In his opinion, the judge placed emphasis on Dr. Stilwell and Nolasco's testimony as well as Dr. Winston's evaluation in finding it was in Xena's best interest to terminate Deena and Dave's parental rights. The judge found the parents had substantially delayed permanency for Xena due to their inability to identify the babysitter by last name or provide a plan for Xena if she were returned to one of them. Dave had "been uncooperative with the Division and inconsistent at visits[,]" according to the judge. In addition, Dave "failed to consistently participate and engage in any of the services [the Division offered him and] . . . failed to attend multiple visits with [Xena]." Neither he nor Deena had "complied with services," and their withdrawal from their child is considered harm by our Supreme Court.
The judge did not cite a specific case, but he apparently was referring to In re Guardianship of D.M.H., 161 N.J. 365, 379 (1999), where the Court held: "A parent's withdrawal of . . . solicitude, nurture, and care for an extended period of time is in itself a harm that endangers the health and development of the child."
Our review of the judge's decision is limited. We defer to the judge's expertise as a Family Part judge, Cesare v. Cesare, 154 N.J. 394, 412 (1998), and we are bound by the judge's factual findings so long as they are supported by sufficient credible evidence. N.J. Div. of Youth & Family Servs. v. M.M., 189 N.J. 261, 279 (2007) (quoting In re Guardianship of J.T., 269 N.J. Super. 172, 188 (App. Div. 1993)). In his comprehensive thirty-eight-page oral opinion, the judge tracks the best interests statutory requirements of N.J.S.A. 30:4C-15.1(a). In re Guardianship of K.H.O., 161 N.J. 337 (1999); In re Guardianship of D.M.H., 161 N.J. 365 (1999); N.J. Div. of Youth & Family Servs. v. A.W., 103 N.J. 591 (1986). We conclude that the judge's factual findings are fully supported by the record and, considering those facts, his legal conclusions are unassailable.
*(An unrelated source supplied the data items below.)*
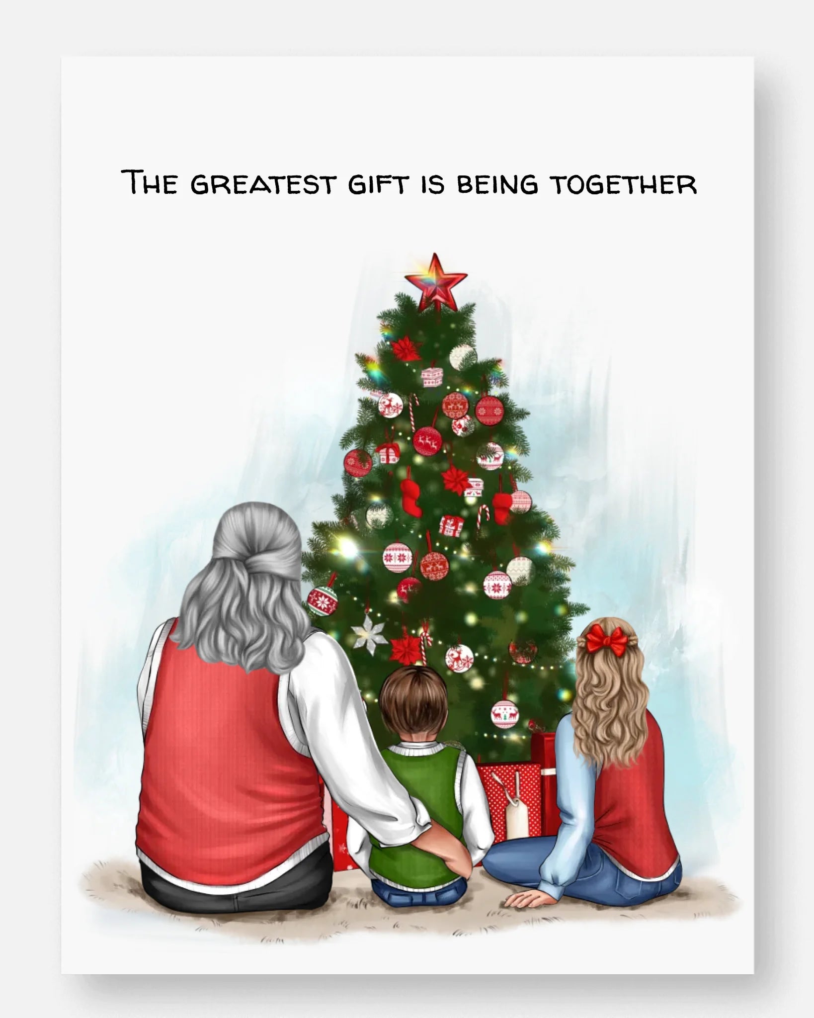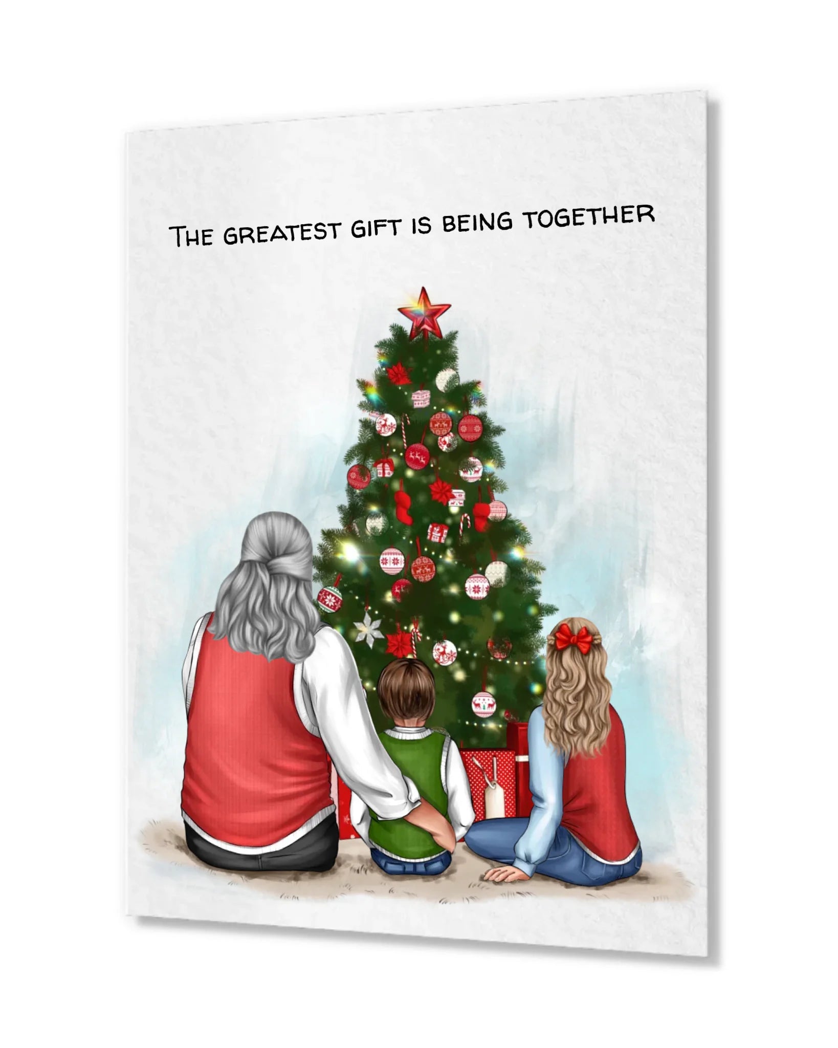 Das Motiv zeigt eine liebevolle Szene: Eine Oma mit ihren Enkelkindern, gemeinsam vor einem festlich geschmückten Weihnachtsbaum. Der Spruch „The greatest gift is being together“ erinnert daran, dass Zusammenhalt und Liebe das größte Geschenk sind.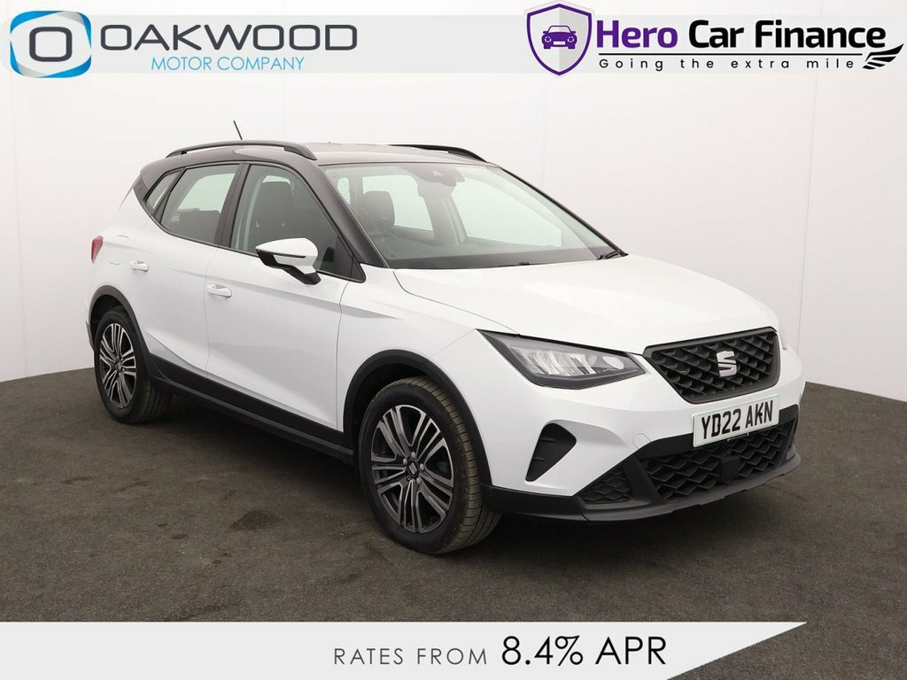 Oakwood Motor Company are delighted to offer this eye-catching SEAT Arona 1.0 TSI EVO SE Technology, finished in the crisp Nevada White with a contrasting Black Roof. With just one owner and in excellent condition, this compact crossover combines bold styling, practical features, and smart connectivity to deliver a well-rounded and enjoyable driving experience. The exterior stands out with 17-inch Dynamic machined alloy wheels, Eco LED headlights with LED daytime running lights, black roof rails and window surrounds, and a sporty rear spoiler. The contrast roof adds an extra touch of individuality and style to this already distinctive vehicle. Inside, the Arona offers a practical and refined cabin with split folding rear seats, a Titan Black dashboard, Satin Black cloth upholstery, and a flat-bottomed leather steering wheel, gear knob and handbrake lever as part of the Interior Chrome Pack. Air conditioning ensures comfort all year round, while rear parking sensors provide added convenience when manoeuvring. Technology features include the Connectivity Pack Plus, Full Link smartphone integration, a high-quality six-speaker audio system, DAB digital radio, and Bluetooth audio streaming with handsfree functionality. The infotainment setup is intuitive and user-friendly, ideal for everyday use and longer journeys alike. Safety and driver assistance systems include cruise control with speed limiter, lane keeping system, hill hold control, ISOFIX child seat mounting points in AM-FM Radio with DAB - Digital Audio Bro, Bluetooth Audio Streaming with Handsfree, Connectivity Pack Plus, Full Link Smartphone Integration, Six Speakers, 17in Alloy Wheels - Dynamic Machined, Black Roof Rails and Window Surround, Contrast Roof, Electrically Adjustable Door Mirrors, Rear Spoiler, Air Conditioning, Interior Chrome Pack, Leather Steering Wheel - Flat Bottomed -, Split Folding Rear Seats - 60-40, Titan Black Dashboard, Cloth - Satin Black, Eco LED Automatic Headlights and LED Day, LED Daytime Running Lights, Nevada White with Black Roof, Cruise Control with Speed Limiter, Hill Hold Control, ISOFIX Points in Outer Rear Seats with T, Lane Keeping System, Rear Parking Sensors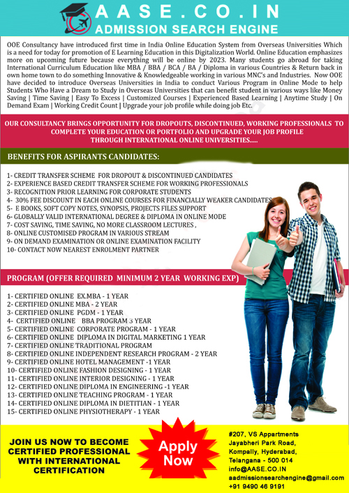 OUR CONSULTANCY BRINGS OPPORTUNITY FOR DROPOUTS, DISCONTINUED, WORKING PROFESSIONALS TO COMPLETE YOUR EDUCATION OR PORTFOLIO AND UPGRADE YOUR JOB PROFILE THROUGH INTERNATIONAL ONLINE UNIVERSITIES
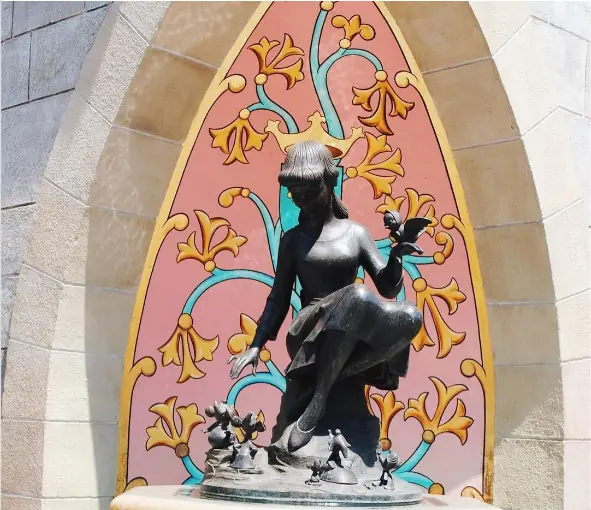 - Uno de los personajes más emblemáticos de las producciones de Walt Disney es La Cenicienta. Durante toda su vida trabaja de sirvienta en la casa de su madrastra para finalmente convertirse en la princesa de todo el reino. Y el castillo de Magic Kingdom situado en Orlando es de verdad mágico si consideras este detalle. Detrás del castillo puedes encontrar la estatua de Cenicienta y una fuente. Cuando te inclinas para beber de ella, podrás ver en el reflejo del agua una corona sobre la cabeza de la estatua. Es un efecto visual que se ha conseguido gracias a un diseño característico y cuidadoso y una combinación perfecta de la estatua con la pintura de fondo.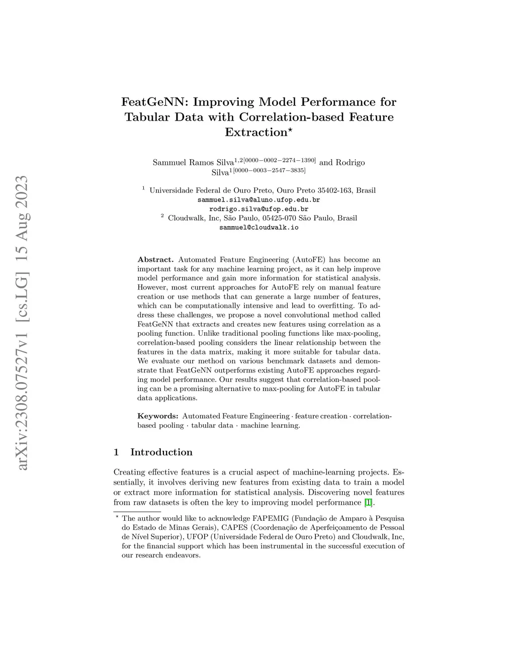 Automated Feature Engineering (AutoFE) has become an important task for any machine learning project, as it can help improve model performance and gain more information for statistical analysis. However, most current approaches for AutoFE rely on manual feature creation or use methods that can generate a large number of features, which can be computationally intensive and lead to overfitting. To address these challenges, we propose a novel convolutional method called FeatGeNN that extracts and creates new features using correlation as a pooling function. Unlike traditional pooling functions like max-pooling, correlation-based pooling considers the linear relationship between the features in the data matrix, making it more suitable for tabular data. We evaluate our method on various benchmark datasets and demonstrate that FeatGeNN outperforms existing AutoFE approaches regarding model performance. Our results suggest that correlation-based pooling can be a promising alternative to max-pooling for AutoFE in tabular data applications.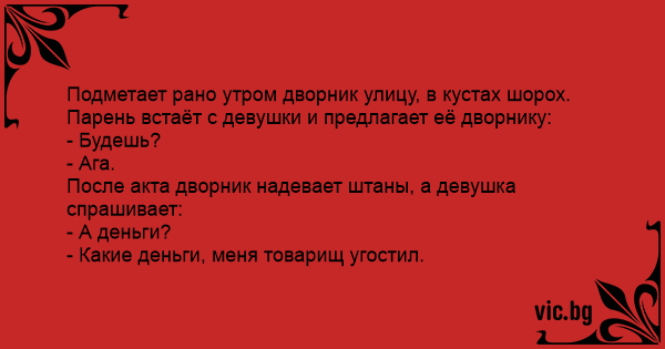 Подметает рано утром дворник улицу, в кустах шорох. Парень встаёт с девушки и предлагает её дворнику:

Defendant contends that the trial judge erred in finding he harmed Xena and would continue to do so in the future. He explains the reliance on the babysitter was in line with his African immigrant community culture to rely on trusted neighbors. He contends there was no need for services to reunify him with his daughter. Lastly, Dave contends because there is no resource parent interested in adoption, there can be no showing that termination of his parental rights will do more harm than good. Those arguments are without sufficient merit to warrant discussion in a written opinion. R. 2:11-3(e)(1)(E). Affirmed.
The Law Guardian argues that Dave failed to raise the role of culture differences before the trial judge, and, thus, the argument should be considered waived. (LGb 17-18). However, "[p]arental rights and ineffective assistance of counsel being matters of great public interest, we have considered the parties' arguments" not raised at trial. N.J. Div. of Youth & Fam. Servs. v. B.H., 391 N.J. Super. 322, 343 (App. Div. 2007). --------
I hereby certify that the foregoing is a true copy of the original on file in my office.